[DATA PROVIDED — start]
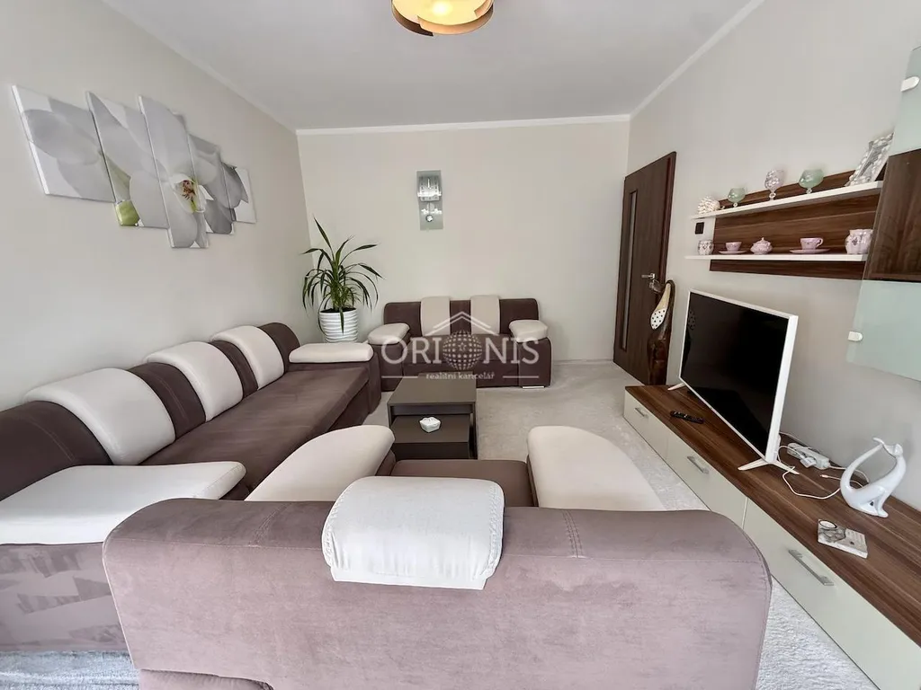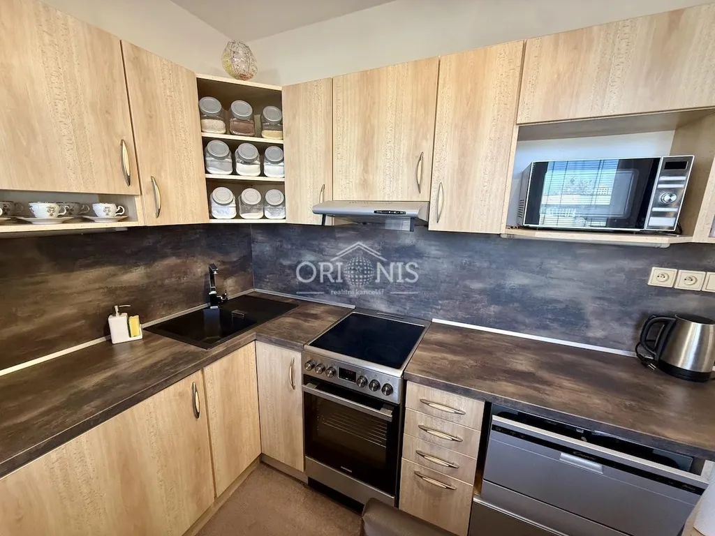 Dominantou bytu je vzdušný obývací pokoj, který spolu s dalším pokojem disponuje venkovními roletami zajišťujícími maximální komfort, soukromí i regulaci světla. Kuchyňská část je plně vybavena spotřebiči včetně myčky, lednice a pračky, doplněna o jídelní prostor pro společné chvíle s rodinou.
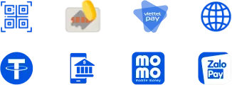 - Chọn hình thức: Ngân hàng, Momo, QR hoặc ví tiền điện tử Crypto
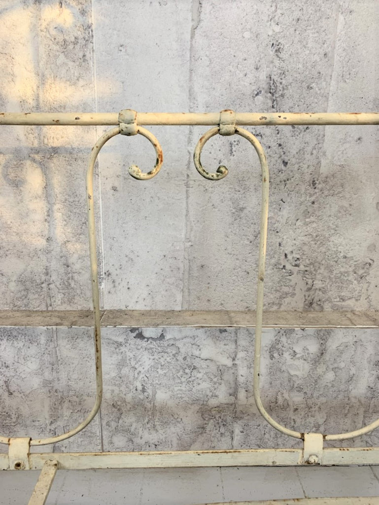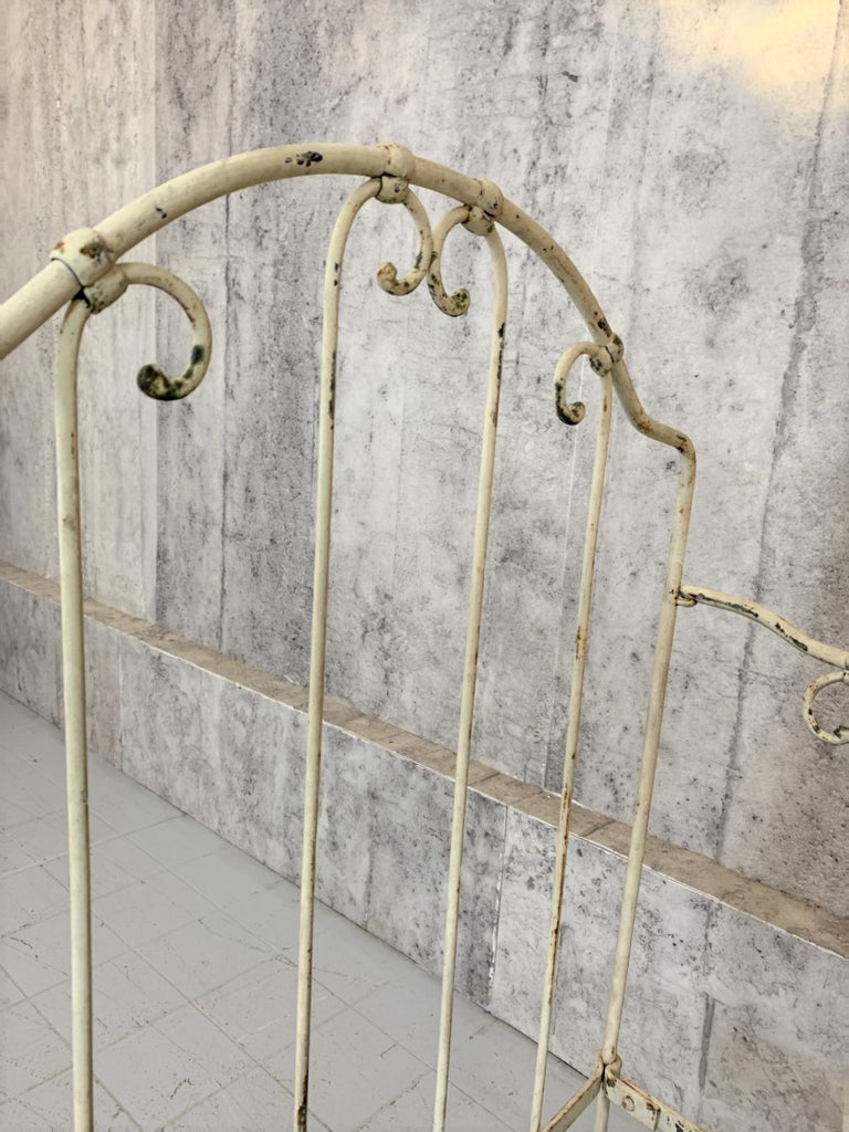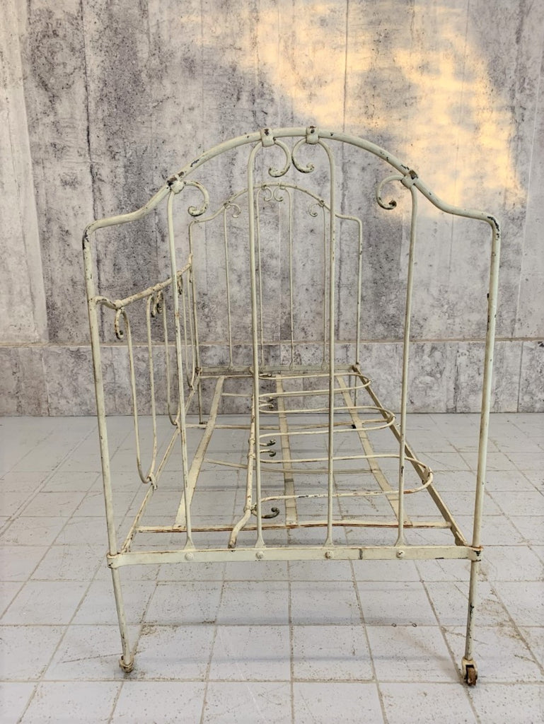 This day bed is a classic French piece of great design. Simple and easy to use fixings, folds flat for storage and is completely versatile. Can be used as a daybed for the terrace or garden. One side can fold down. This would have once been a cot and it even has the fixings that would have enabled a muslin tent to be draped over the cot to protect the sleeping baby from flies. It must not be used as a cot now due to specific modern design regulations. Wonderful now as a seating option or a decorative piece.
[DATA PROVIDED — finish]
_DESCRIPTION OF THE TASK_: Once the pictures are removed, copy the material above exactly.

_RESULT OF THIS TASK_:
 Dominantou bytu je vzdušný obývací pokoj, který spolu s dalším pokojem disponuje venkovními roletami zajišťujícími maximální komfort, soukromí i regulaci světla. Kuchyňská část je plně vybavena spotřebiči včetně myčky, lednice a pračky, doplněna o jídelní prostor pro společné chvíle s rodinou.
 - Chọn hình thức: Ngân hàng, Momo, QR hoặc ví tiền điện tử Crypto
 This day bed is a classic French piece of great design. Simple and easy to use fixings, folds flat for storage and is completely versatile. Can be used as a daybed for the terrace or garden. One side can fold down. This would have once been a cot and it even has the fixings that would have enabled a muslin tent to be draped over the cot to protect the sleeping baby from flies. It must not be used as a cot now due to specific modern design regulations. Wonderful now as a seating option or a decorative piece.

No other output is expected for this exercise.